**RECORDS FOR PROCESSING:**

○ ○ ○ ○ ○ ○ ○

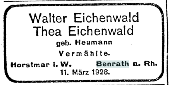 Walter Eichenwald kam am 30. Dezember 1900 in Horstmar (Münsterland) als Sohn des Handelsmanns Levy Eichenwald und dessen Frau Selma, geborene Cohen, zur Welt. Er hatte noch fünf Geschwister: Ernst, Jenny, Else, Otto und Bertha. Zusammen mit seinem älteren Bruder Ernst übernahm Walter Eichenwald 1925 das elterliche Textileinzelhandelsgeschäft „Levy Eichenwald“. Am 11. März 1928 heiratete er in Benrath Theresia Heumann. Sie war dort am 13. Juli 1900 als Tochter von Jonas und Selma Heumann zur Welt gekommen. Sie hatte noch zwei Schwestern: Martha und Helene Heumann (später verheiratete Blumenfeld). Zusammen mit ihnen unterstützte Thea Heumann ihre Mutter nach dem Tod von Jonas Heumann am 4. Februar 1923 bei der Führung des elterlichen Geschäftes an der Hauptstraße 46 in Benrath. Nach der Hochzeit stieg ihr Mann Walter Eichenwald in das Geschäft ein.
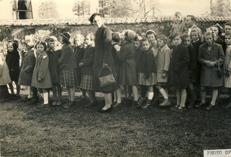 Naviguez en cliquant sur la photo. 1955 - CM2 - Ecole inauguration du lavoir, de la cantine, et de la Poste. En présence de l'Inspecteur Michaud, de Félix Gaillard, Président du Conseil de l'époque, du Sous Préfet, ect... Sur la photo Aucune personne identifiée. Signaler un abus
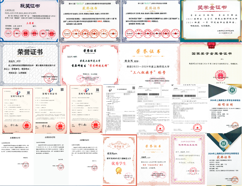 “竞赛是提升综合能力的‘快车道’,既锤炼技术,也磨砺团队协作。”赵金凤深知综合素养的重要性,积极参与各类高水平竞赛,屡获佳绩:“华为杯”中国研究生数学建模竞赛全国二等奖、三等奖;“挑战杯”全国大学生课外学术科技作品竞赛全国三等奖、上海市特等奖;“挑战杯”中国大学生创业计划竞赛上海市银奖;“兆易创新杯”中国研究生电子设计竞赛上海市二等奖;“华中杯”“中青杯”、MathorCup等数学建模竞赛全国一等奖2项、二等奖1项、三等奖1项;全国大学生物联网设计竞赛华东赛区二等奖;陈嘉庚青少年发明奖上海市二等奖;上海市百万青少年争创“明日科技之星”创意奖。
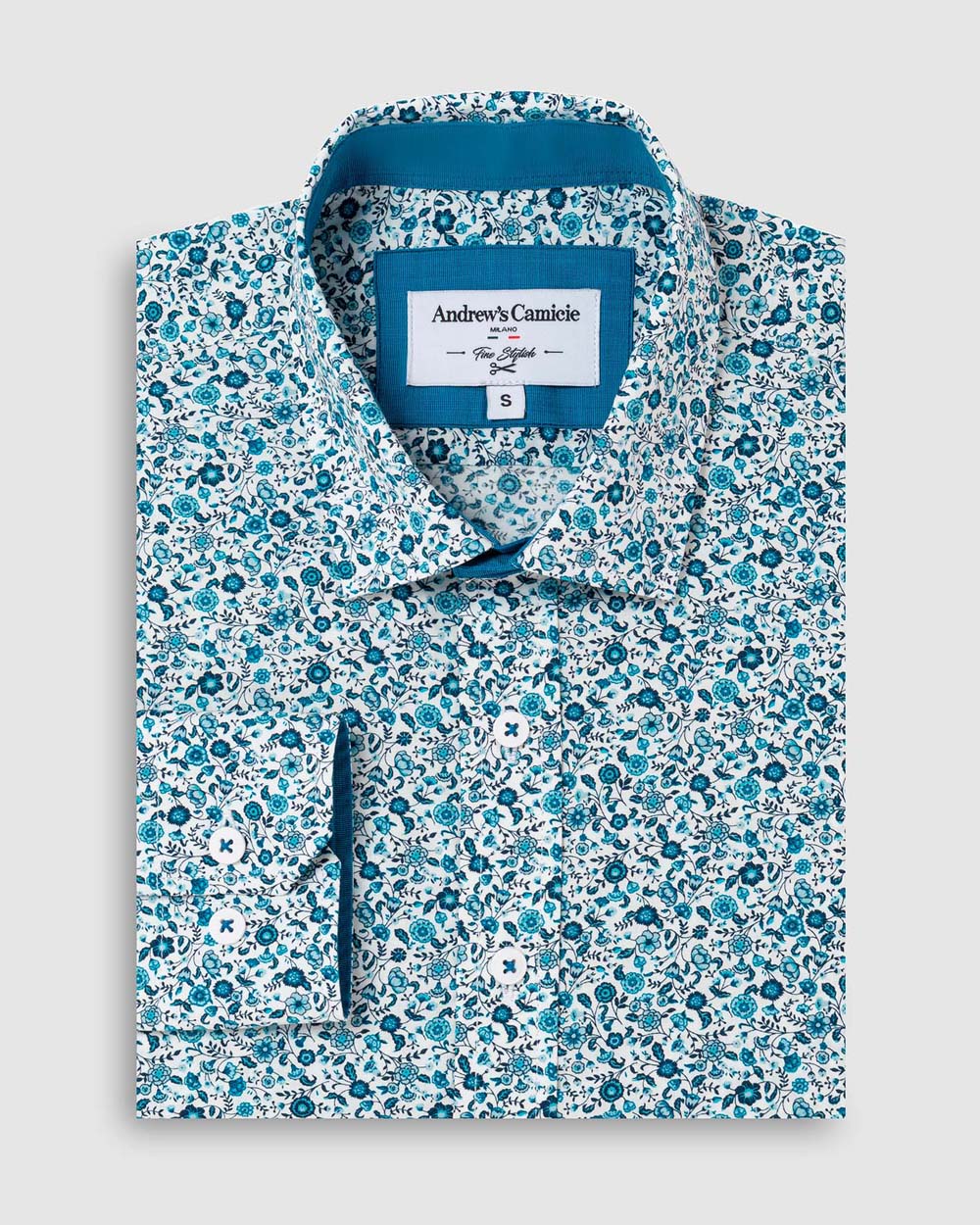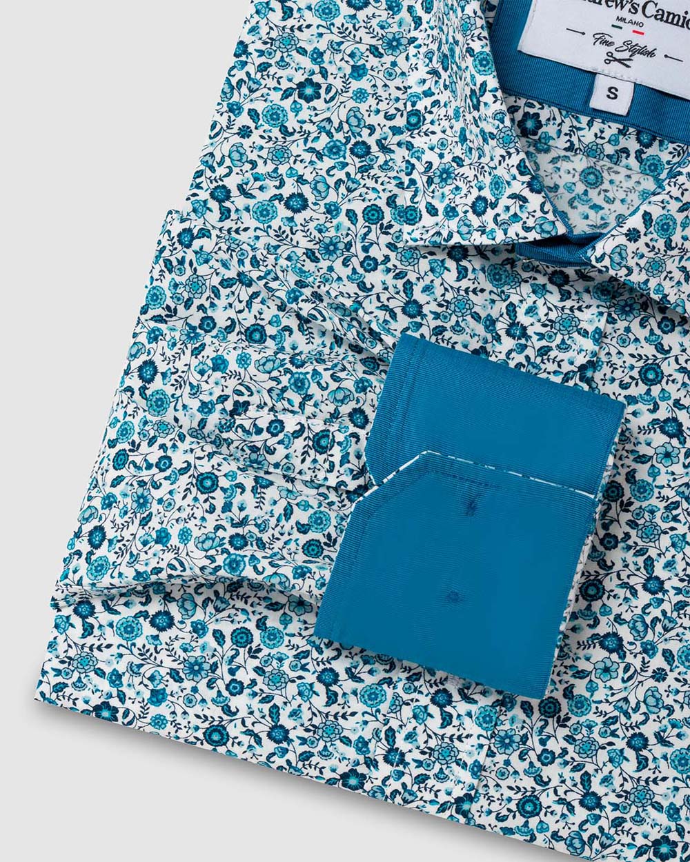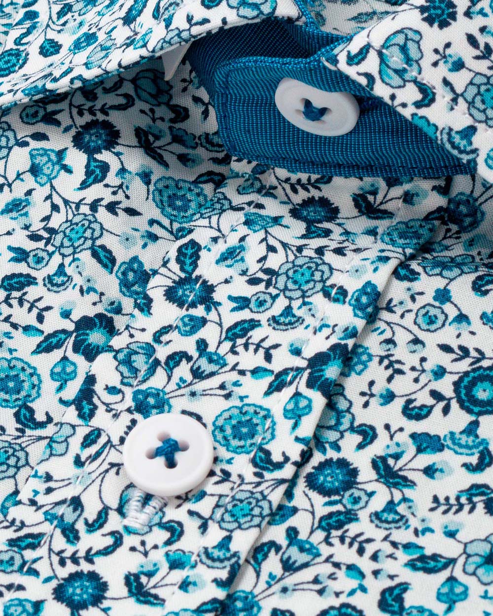 Camisa Casual popelin estampada - Cuello Italiano puno simple 2 botones regulables regular turquesa
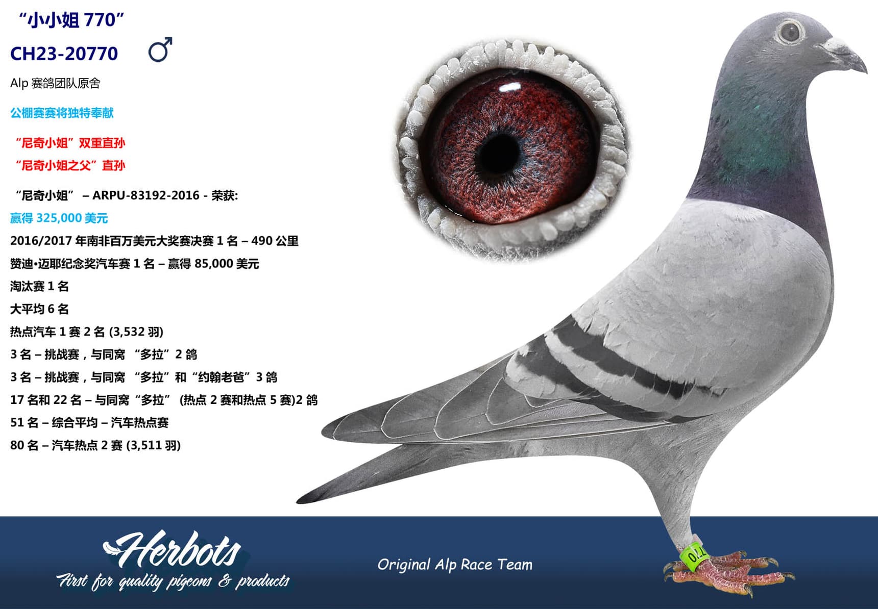 作育者:ALP RACE TEAM/SIMON WOLF 阿尔卑赛鸽队
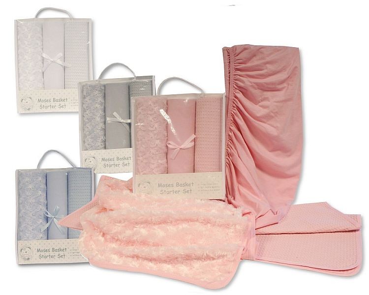 Ensure your baby sleeps in comfort from day one with this 3-piece Moses Basket starter set. The soft jersey fitted sheet provides a gentle surface for newborn skin, the waffle blanket delivers breathable warmth, and the rosebud blanket adds a charming finishing touch. Designed specifically for Moses baskets, this set combines practicality with style.

○ ○ ○ ○ ○ ○ ○

**EXERCISE GOAL:**
Every record must be returned exactly. Leave its pictures out.

**ANSWER BOX:**
 Walter Eichenwald kam am 30. Dezember 1900 in Horstmar (Münsterland) als Sohn des Handelsmanns Levy Eichenwald und dessen Frau Selma, geborene Cohen, zur Welt. Er hatte noch fünf Geschwister: Ernst, Jenny, Else, Otto und Bertha. Zusammen mit seinem älteren Bruder Ernst übernahm Walter Eichenwald 1925 das elterliche Textileinzelhandelsgeschäft „Levy Eichenwald“. Am 11. März 1928 heiratete er in Benrath Theresia Heumann. Sie war dort am 13. Juli 1900 als Tochter von Jonas und Selma Heumann zur Welt gekommen. Sie hatte noch zwei Schwestern: Martha und Helene Heumann (später verheiratete Blumenfeld). Zusammen mit ihnen unterstützte Thea Heumann ihre Mutter nach dem Tod von Jonas Heumann am 4. Februar 1923 bei der Führung des elterlichen Geschäftes an der Hauptstraße 46 in Benrath. Nach der Hochzeit stieg ihr Mann Walter Eichenwald in das Geschäft ein.
 Naviguez en cliquant sur la photo. 1955 - CM2 - Ecole inauguration du lavoir, de la cantine, et de la Poste. En présence de l'Inspecteur Michaud, de Félix Gaillard, Président du Conseil de l'époque, du Sous Préfet, ect... Sur la photo Aucune personne identifiée. Signaler un abus
 “竞赛是提升综合能力的‘快车道’,既锤炼技术,也磨砺团队协作。”赵金凤深知综合素养的重要性,积极参与各类高水平竞赛,屡获佳绩:“华为杯”中国研究生数学建模竞赛全国二等奖、三等奖;“挑战杯”全国大学生课外学术科技作品竞赛全国三等奖、上海市特等奖;“挑战杯”中国大学生创业计划竞赛上海市银奖;“兆易创新杯”中国研究生电子设计竞赛上海市二等奖;“华中杯”“中青杯”、MathorCup等数学建模竞赛全国一等奖2项、二等奖1项、三等奖1项;全国大学生物联网设计竞赛华东赛区二等奖;陈嘉庚青少年发明奖上海市二等奖;上海市百万青少年争创“明日科技之星”创意奖。
 Camisa Casual popelin estampada - Cuello Italiano puno simple 2 botones regulables regular turquesa
 作育者:ALP RACE TEAM/SIMON WOLF 阿尔卑赛鸽队
 Ensure your baby sleeps in comfort from day one with this 3-piece Moses Basket starter set. The soft jersey fitted sheet provides a gentle surface for newborn skin, the waffle blanket delivers breathable warmth, and the rosebud blanket adds a charming finishing touch. Designed specifically for Moses baskets, this set combines practicality with style.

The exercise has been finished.